§ **Task brief**: The entries below contain a line with "用于焦爐蓄頂測溫,熱電偶插深" and a line with "Start your day". Retype exactly everything from the first down to the second, both included, and nothing else.
(Supplied data Opens)
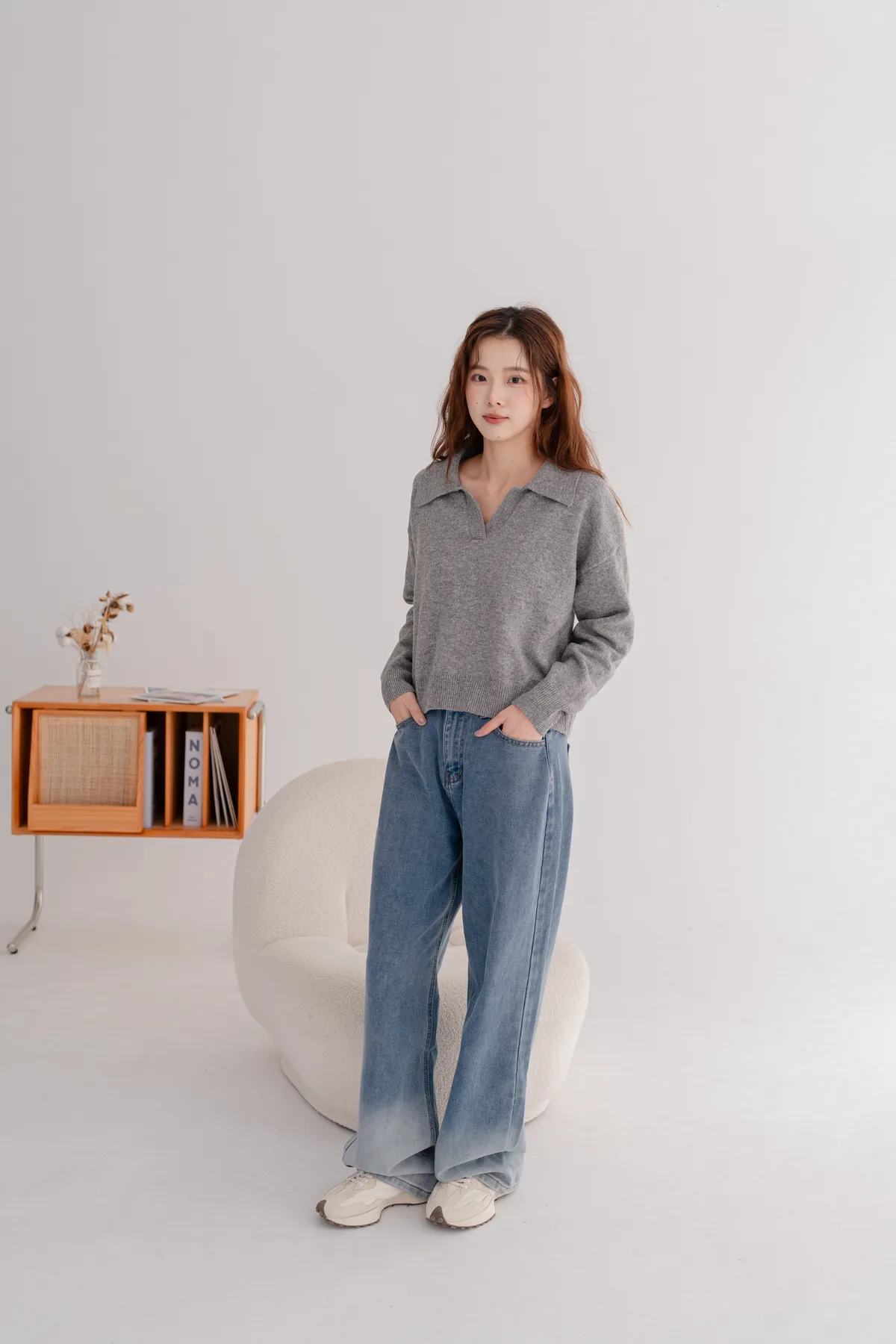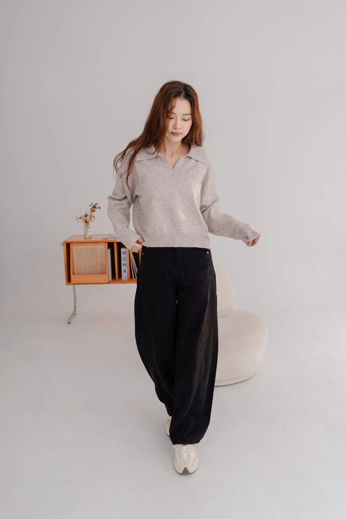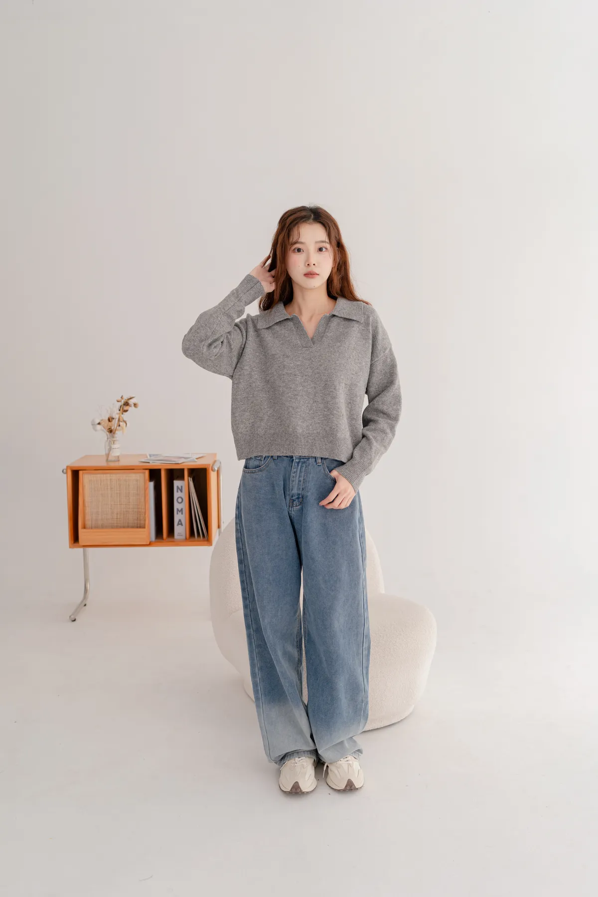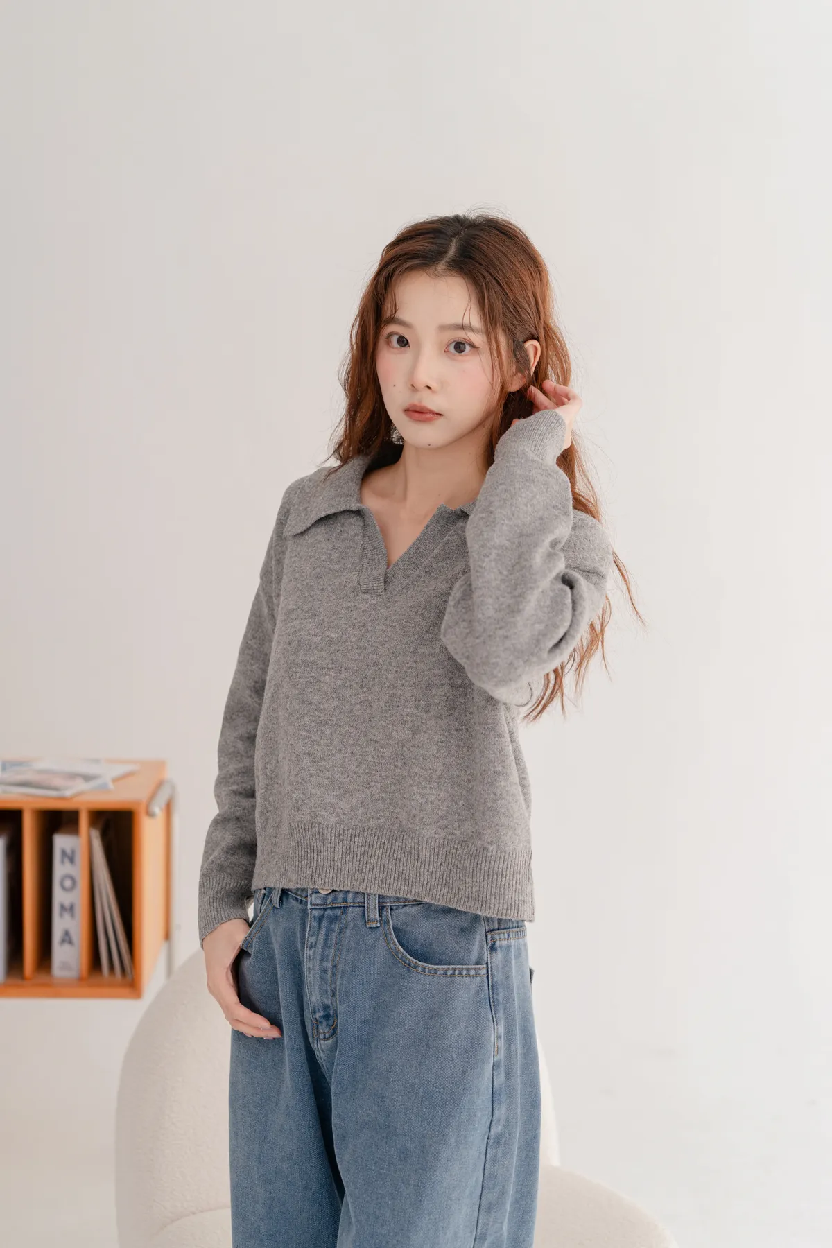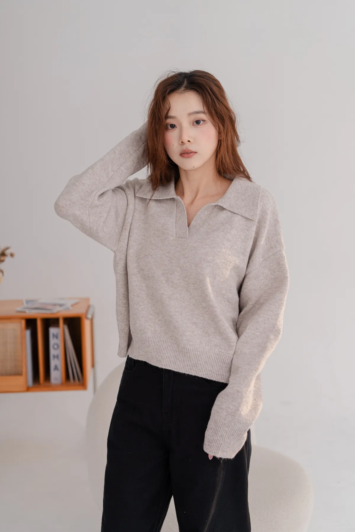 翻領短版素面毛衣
(Supplied data Closes)
(Supplied data Opens)
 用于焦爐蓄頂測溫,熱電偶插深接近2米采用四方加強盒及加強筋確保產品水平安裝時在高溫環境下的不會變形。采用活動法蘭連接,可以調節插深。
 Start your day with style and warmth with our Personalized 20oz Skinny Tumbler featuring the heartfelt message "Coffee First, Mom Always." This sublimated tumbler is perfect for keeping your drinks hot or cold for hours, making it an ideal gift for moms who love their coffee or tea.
(Supplied data Closes)
§ **Response to this exercise**:
 用于焦爐蓄頂測溫,熱電偶插深接近2米采用四方加強盒及加強筋確保產品水平安裝時在高溫環境下的不會變形。采用活動法蘭連接,可以調節插深。
 Start your day with style and warmth with our Personalized 20oz Skinny Tumbler featuring the heartfelt message "Coffee First, Mom Always." This sublimated tumbler is perfect for keeping your drinks hot or cold for hours, making it an ideal gift for moms who love their coffee or tea.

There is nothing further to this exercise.